Sunday, February 10, 2013

A Terrifying Experience in Paris


This layout is for the Art Journal Caravan year-long project that I'm working on. In it I mention that one of the things I remember is the most terrifying experience in my life while on the Arc d' Triumphe.  But I don't go any further to describe the event because it would take up too much space.  But I definitely remember it and Paris.

In 1993 we, my husband John, my son Jim and I, traveled with my parents to London to stay for a week at Walton Hall, near Stratford-on-Avon. We spent the first four or five days in London and after our week at Walton Hall, we spent two days and three nights in Paris.

One of the days in Paris, John, Jim and I walked from our hotel to the Arc d' Triumple at the top of the Champs-Ellysee's.  To get to the top you take an elevator inside one of the "legs".  Once on top you can see for miles and, disconcertingly, feel the thing move.  We explored the top and looked out. I didn't look out and down - too afraid of heights. If I took pictures I stood five feet or more from the wall and held my camera out and took the picture.

When we'd seen enough it was time to leave.  And that's when I learned that we may have reached the top by elevator but the down elevator didn't come all the way up to the top. The down elevator was at least one "story" below, in the other leg of the Arc. 

To get to the elevator we had to enter the body/"cross piece". We went down a flight of stairs, maybe ten or twelve of them just a little wider than one "normal" person.  Two people, unless they were skinny children couldn't go down side-by-side. That closeness isn't a problem for me; I'm not claustrophic.  

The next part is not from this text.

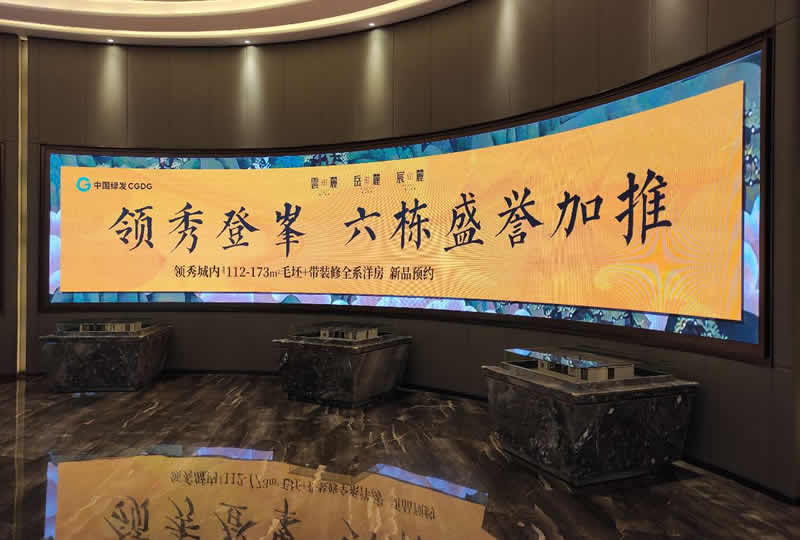本案例中,維康國(guó)際為中國(guó)綠發(fā)CGDG的展廳提供一套顯示大屏,由P1.667軟模組LED顯示屏組成,如上圖所示,大屏幕與墻面設(shè)計(jì)成一體,畫(huà)面顯示清晰、一體化顯示效果好。

At the bottom of the stair was the problem.  Instead of continuing down concrete stairs, you had to step onto a flimsy square of metal with a pencil thin rail on two sides and flimsy stairs going into the massive maw of the top of an elevator shaft.  I swear that hole was twenty by twenty feet square and blacker than the depths of the deepest, dankest, darkest cave known to man. To make it worse there was a gap between the concrete step and the metal landing that appeared to be at least three-four feet wide. 

I couldn't move. 

John moved around me and just stepped right in and then disappeared down and left of me. 

I couldn't breathe.  

I looked behind me and saw a young Frenchman (in his late twenties probably but he looked like a nice young man) sitting on the fifth or sixth step above me preventing anyone else from coming down until I managed to get out of way.  He kept saying "It's all right, Madame, It's all right." 

I couldn't go back up and out on top; this was the only way down. 

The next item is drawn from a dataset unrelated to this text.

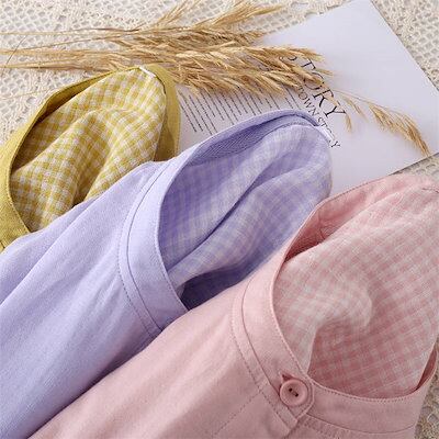 ガーゼ パジャマ レディース ガーゼコットン ルームウェア パンツ 春 秋 春秋 切り替え 長袖 ダブルガーゼ 2重ガーゼ チェック 綿 部屋着 セットアップ 2点セット ナイト 寝間着 寝巻き 上下

My heart was pounding so hard I figured I'd just die there and they'd push my moldering body onto the refuse below.  

But I couldn't do that; I wasn't ready to die.  

So I got close to the horrid, dark, high, open space and handed my purse and camera, possibly my hat and sweater as well - memory's a little sketchy there, around the corner to John who was waiting to help me. 

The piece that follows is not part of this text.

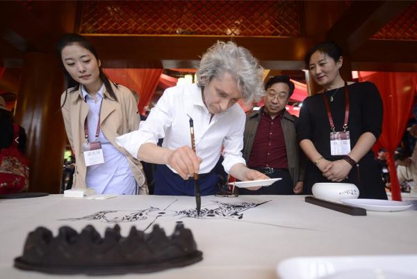 水墨夜宴上,意大利艺术家现场学习中国水墨艺术(杨华峰摄影)

Then clutching at the concrete wall (at least two feet thick) I stepped on that flimsy SHAKY metal platform and, still facing the concrete wall, inched around to John and the first step down. Three steps later I see it's not pitch black inside and we only have to go down three flights of ten steps on three sides.  But it was still dark. Photo-gray glasses don't change immediately and large, tall and cavernous rooms lit by incandescent lights don't become fully illuminated. The sensation of height was not as great inside but I did still keep my hand on the wall. We exited at the gift shop and took the elevator down from there.  

Then we went to the Eiffel Tower.

What was really interesting, in retrospect, is that a part of my mind was telling me that the gap was at most half an inch wide and the flimsy metal - the kind of metal frequently used as landings on stairs - looks a little corrugated but not as ripply - wasn't flimsy at all. The concrete wall was, maybe, a foot wide.  But that part of my mind couldn't get past the phobia and it's associated terror.